CS54100: Database Systems

Instructor: Mohammad Sadoghi
E-mail: [email protected]
Office: Lawson 2116N
Office Hours: By email appointments

Teaching Fellow: Spencer S Pearson
Email: [email protected]
Office: HAAS G50
Office Hours: 3:00-4:00pm (Tue) & 10:30-11:30am (Fri)

Time: MWF 9:30 am - 10:20 am
Location: Lawson Computer Science Building, Room LWSN-1106


Overview

This graduate course provides an introduction to the design and development of fundemental concepts in relational database management systems (DBMS). You will learn the theory behind database systems, the issues that affect their functionality and performance, and most importantly, what it takes to build the engine of a relational database management system and to explore the role of modern data processing platforms, e.g., Apache Spark/Hadoop. There is a significant component of Java/SQL/Scala development. There will also be hands-on exercises using the Oracle DBMS and Spark/Hadoop/HDFS. The list of topics covered in this course includes:

  • DBMS Concepts and Architecture
  • Relational Databases, Relational Algebra and Calculus
  • Query Languages (SQL)
  • Storage and Indexing
  • Query Evaluation and Optimization
  • Database Design, the E-R Model, Normalization, and Tuning
  • Database Security
  • Management, Concurrency Control, and Recovery
  • Parallel and Distributed Databases
  • New Trends in Data Systems (e.g., NoSQL Databases)

Syllabus

Textbooks:

Required:
  • "Database Management Systems", 3rd Edition. Raghu Ramakrishnan and J. Gehrke. McGraw Hill, 2003, ISBN 0-07-246563-8.
  • Additionally, a list of research papers will be added later as part of the required reading for the advanced topics.
Optional:
  • "Oracle 10g Programming: A Primer". R. Sunderraman, Addison-Wesley. 2006
  • "Readings in Database Systems", 4th Edition. Joseph M. Hellerstein, Michael Stonebraker. 2005
  • "The Elements of Style", 4th Edition. William Strunk Jr. and E. B. White. 1999
  • "Style: Toward Clarity and Grace". Joseph M. Williams. 1995

Workload:

There will be around four-five programming assignments. In each assignment, you will be asked to implement one component of a simple database management system. There will be an SQL programming assignment using Oracle. There will be around three homeworks, a final project, and a final exam.

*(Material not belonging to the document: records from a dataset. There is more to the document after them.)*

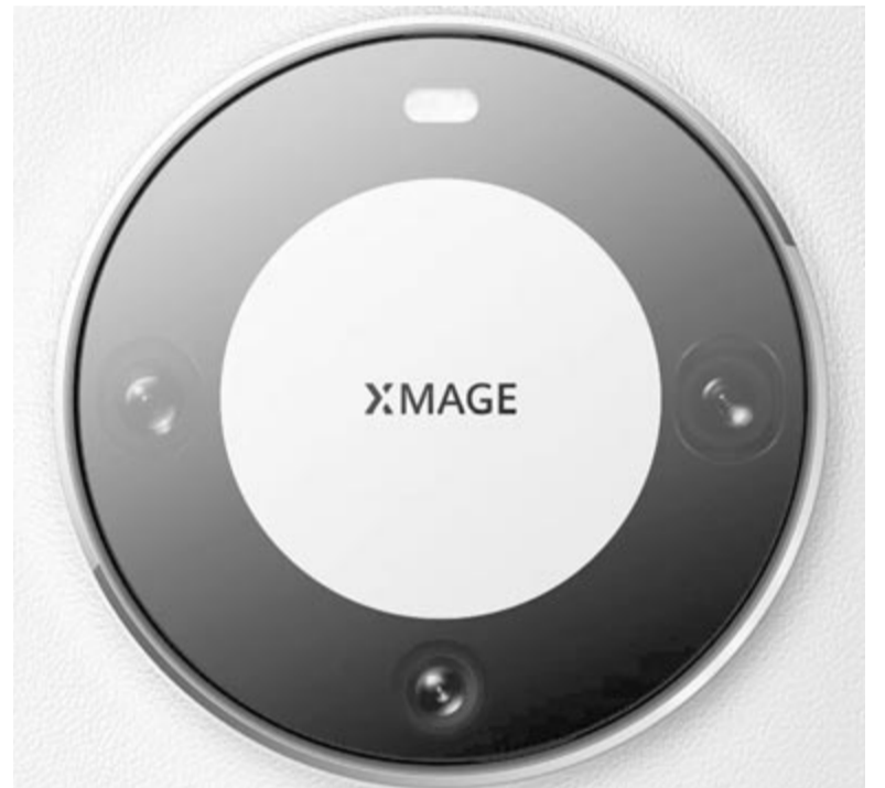
Huawei Mate 60 Pro+ kamerarendszer

Az amerikai–kínai kereskedelmi háború miatt a Huawei a Leica lencsegyártóval sem dolgozhat együtt, így nem díszel a telefon kameráján a Leica felirat, ami már önmagában is vásárlásösztönző volt. Ennek ellenére a hátdoldali főkamera 48 megapixel felbontású ké-
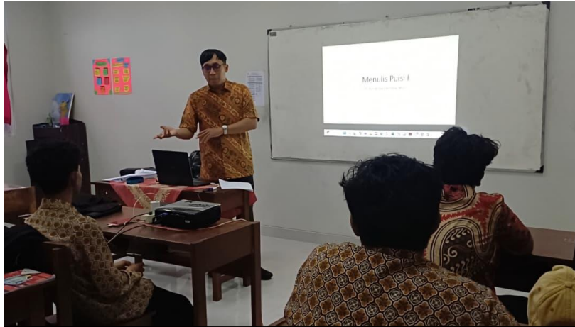
Gambar 7. Dokumentasi Kegiatan Pelatihan Menulis Puisi untuk Siswa SMA PGRI Kasihan Yogyakarta Hari Pertama
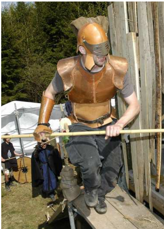
Blech (1 RP)
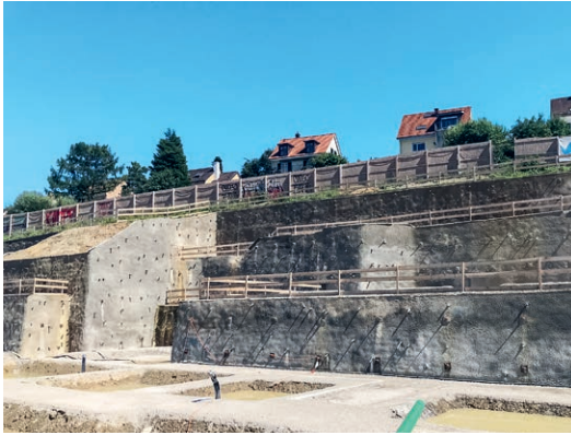
Massgeschneiderte Unternehmervarianten Wirtschaftliche Baugrubensicherungen
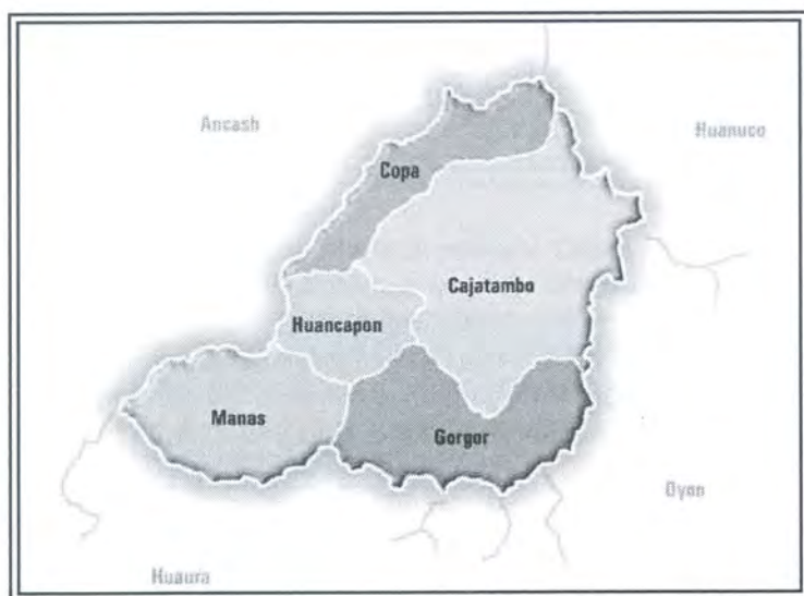
Mapa de la provincia de Oyón

La provincia de Cajatambo limita al norte con el departamento de Áncash, al este con el departamento de Huánuco, al sur con la provincia de Oyón y al oeste con la provincia de Huaura. Está ubicada en la parte occidental de la cordillera de los Andes, a 3350 msnm. Su extensión territorial es de 1.515.21 km 2 . La parte más baja de su jurisdicción corresponde al puente Cahua (850 msnm) y la más alta al nevado Huacshash (5.654 msnm). Sus coordenadas son 10°20'08"S 76°50'03"O-10.33556, -76.83417. Es la provincia menos poblada del norte chico con un total de 8,358 habitantes que corresponde al 0.9% del total de la población de la región. Es una provincia netamente andina y está conformada por cinco distritos: la capital Cajatambo, Copa, Huancapón, Gorgor y Manas.

In the final project, you will be asked to implement your favorite optimization strategies to improve query execution on Spark and/or Hadoop platforms. Additionally, you are required to submit a report that describes the employed techniques, evaluation methodology, and experimental results.

Programming Assignment:

The programming assignments are an important part of the course, and will involve a significant amount of Java programming. The first programming assignment will be SQL programming assignments using Oracle. The remaining assignments will be performed in teams of two. The purpose is for each team to build parts of a working single-user relational database management system. You will start almost from scratch -- a few basic components may be provided to you. By the end of the course, you will have built a simple DBMS by completing four separate assignments. In most of the assignments, you will be given Java class definitions with templates. You will need to actually implement the functions. Implementing the various interfaces involves several hundred lines of code. At the end of the programming assignments, you will understand the basic relational DBMS concepts because you have implemented them. Each of your assignments builds upon the code written in the previous assignments.

Unless extremely necessary, you should not change partners for programming assignments. You need to have the instructor’s prior approval to switch partners.

Final Project:

The final project is a crucial part of the course that prepares to undertake a small research project on modern database systems. It will provide an opportunity for you to apply the lessons that your learned throughout the course to a research problem of your choice. Thus, the final project is open-ended, but, it must* contain the following core elements:

  • studying and comparing the performance of Hadoop and Spark based on a standard database benchmark (TPC-H or BigBench) in order to understand the role of disk vs. main memory for query performance
  • exploring different query processing strategies over Spark and/or Hadoop (such as data partitioning/replication, materialized view, join reordering, and index selection)
  • writing a detailed (but concise) report that describes your approach, evaluation methodology, and experimental results (i.e., similar to a short research paper).
Note that the final project will involve a moderate amount of SQL/Java/Scala programming. The projects will be performed in teams of two. You may choose a different partner for the final project or you may continue working with the same partner that you had in the programming assignments. Unless extremely necessary, you should not change partners for the final project. You need to have the instructor’s prior approval to switch partners.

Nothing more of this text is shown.